Валерия, похоже, действительно была не прочь провести со мной вечер. Визит в компьютерный салон занял около десяти минут. После этого она предложила мне оставить машину и побродить с ней по городу, «подышать свежим воздухом». Она держалась раскованно, оказалась интересным собеседником и обаятельным человеком, что до этой внезапной прогулки было для меня совершенной тайной. Наверное, в ее обществе я чувствовал бы себя вполне комфортно, если бы моя голова не была занята мыслями о Кэт. Улыбка, жесты, голос, походка, одежда – раз за разом я ловил себя на том, что сравниваю Валерию с ней. И ощущал вину перед обеими.

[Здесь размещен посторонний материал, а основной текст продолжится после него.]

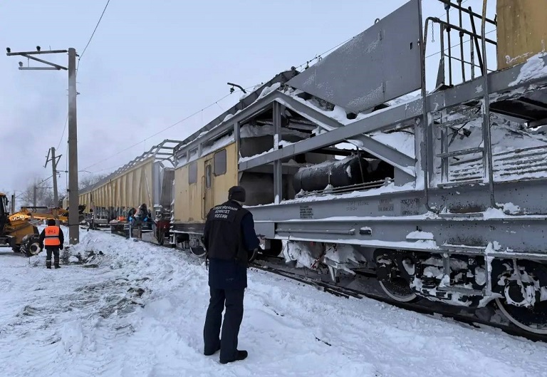 Следователи работают на месте схода снегоуборочной машины на станции Томск-2

Когда мы с ней расстались, солнце уже склонялось к горизонту. Оставив мне свой номер телефона и одарив на прощание приветливой улыбкой, Валерия исчезла в своем подъезде. Престижный район, высотный дом, кодовый замок на металлической двери. Не похоже на наши с Кэт съемные жилища в престарелых пятиэтажках. Так же и жизнь Валерии вряд ли походила на наши жизни. Ее рассуждения о работе, перспективах, деньгах, товарах, технологиях были интересны, но сильно отличались от того, о чем привыкли говорить мы с Кэт. Кто знает, если бы судьба в студенческие годы уготовила мне встречу не с Кэт, а с Валерией, я мог бы стать совсем другим человеком, и все вещи, интересующие ее, были бы не чужды и мне. Я тоже думал бы о карьере, о служебных интригах, о переезде в столицу – почему нет, это же здоровые амбиции.
Но случилось по-другому.
Мне было неуютно без Кэт. Впрочем, «неуютно» – слишком слабо сказано. Все равно, что сказать – человеку неуютно без дома, без тепла, без пищи. Я оставался совсем один. Мне предстояло вот так же бессмысленно блуждать по улицам, кабинетам и заведениям, заглядывать в чужие лица и окна… и что? Становиться другим? Замыкаться в себе? Бросать все свои силы на работу и получать удовольствие от похвал начальства и коллег? Ведь все это никогда не было главным для меня. Ничто не способно было заменить понимание, доброту, искренность, бескорыстие.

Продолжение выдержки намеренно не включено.